Work instructions
Strip the pictures and reproduce the rest of the listing exactly.

Dataset excerpts

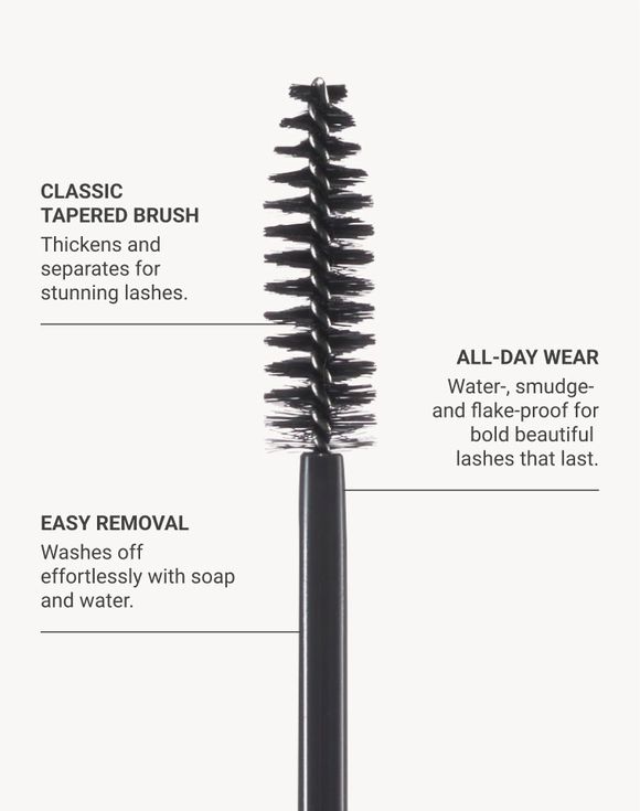 Meet the mascara that stays on all day and can weather any storm—and then washes off with just soap and water! Waterproof volumizing formula features unique emulsion technology that makes it a breeze to remove.
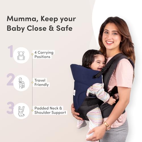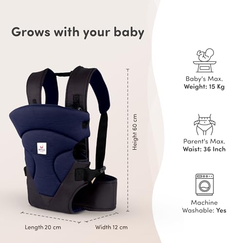 Mylo Baby Carrier Bag for 4 to 24 Months | Max Weight 15kg | with 4 Comfortable Carrying Positions | Lightweight & Travel Friendly (Blue & Black)
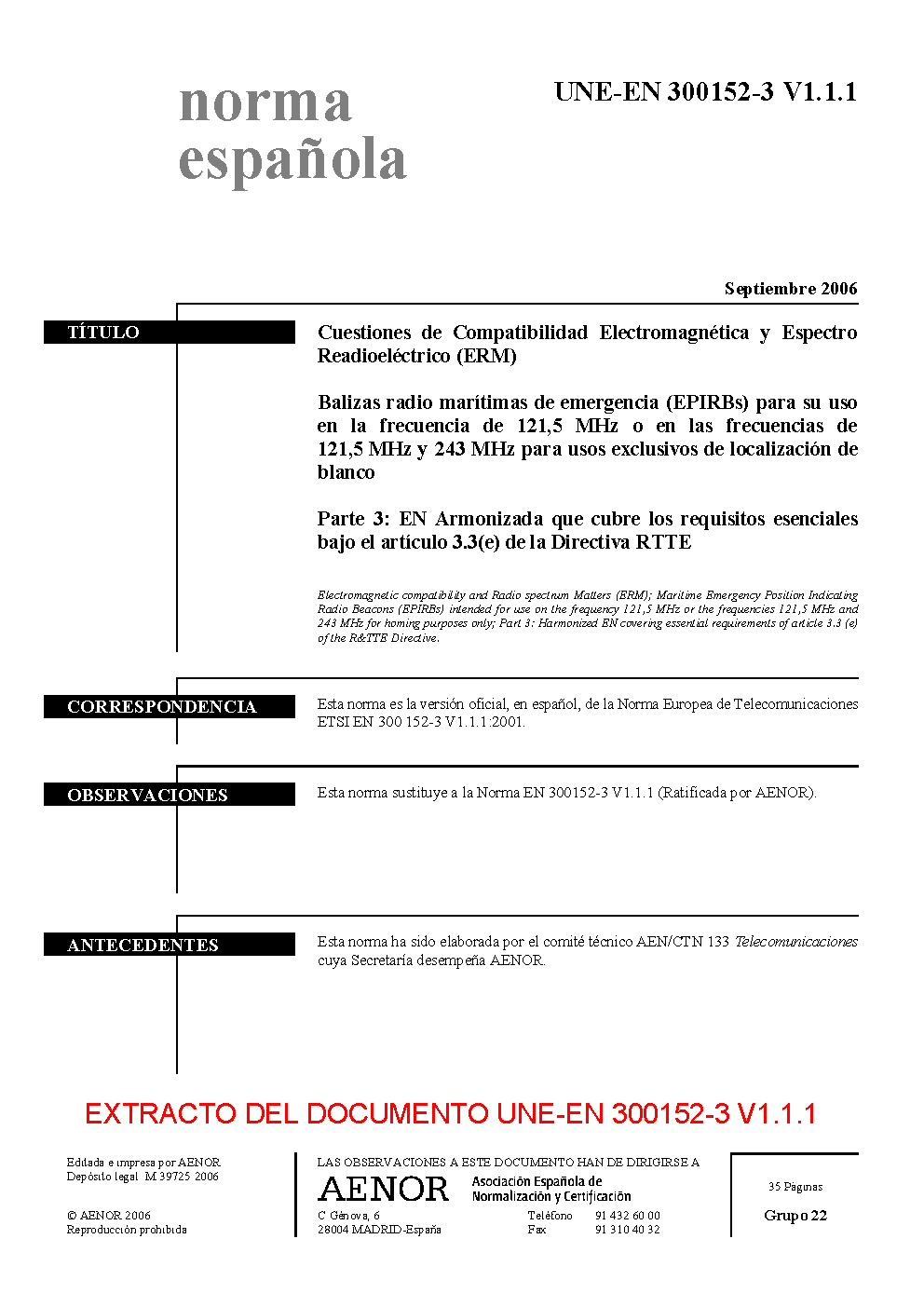 UNE-EN 300152-3 V1.1.1:2006
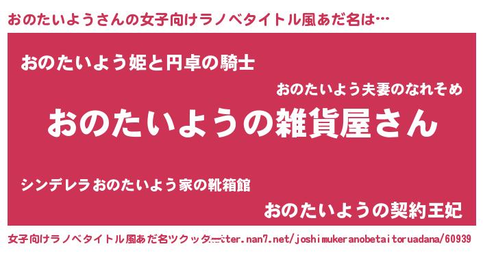 | 胡散臭い通販商品みたいなあだ名 | 『幸せが訪れる高級そうな壺…その名も「おのたいよう」』 |
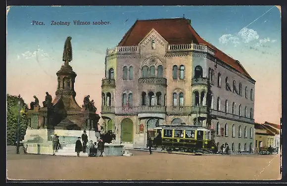AK Pécs, Zsolnay Vilmos szobor, Strassenbahn
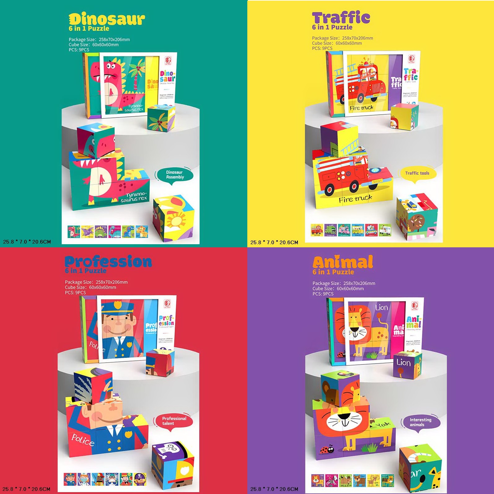 Пазли картон арт. 88623/25/26/28 (132шт/3) 4 види мікс, короб. 20*5, 8*16см
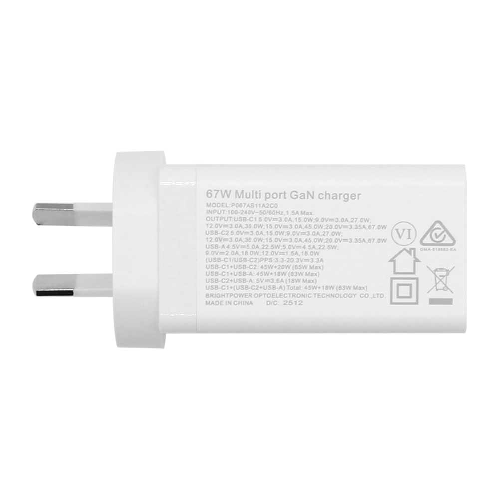 Wisecase 67W EE673OC Wall Charger with 3Ports( 2xUSB-C+USB-A) White

Response
 Meet the mascara that stays on all day and can weather any storm—and then washes off with just soap and water! Waterproof volumizing formula features unique emulsion technology that makes it a breeze to remove.
 Mylo Baby Carrier Bag for 4 to 24 Months | Max Weight 15kg | with 4 Comfortable Carrying Positions | Lightweight & Travel Friendly (Blue & Black)
 UNE-EN 300152-3 V1.1.1:2006
 | 胡散臭い通販商品みたいなあだ名 | 『幸せが訪れる高級そうな壺…その名も「おのたいよう」』 |
AK Pécs, Zsolnay Vilmos szobor, Strassenbahn
 Пазли картон арт. 88623/25/26/28 (132шт/3) 4 види мікс, короб. 20*5, 8*16см
 Wisecase 67W EE673OC Wall Charger with 3Ports( 2xUSB-C+USB-A) White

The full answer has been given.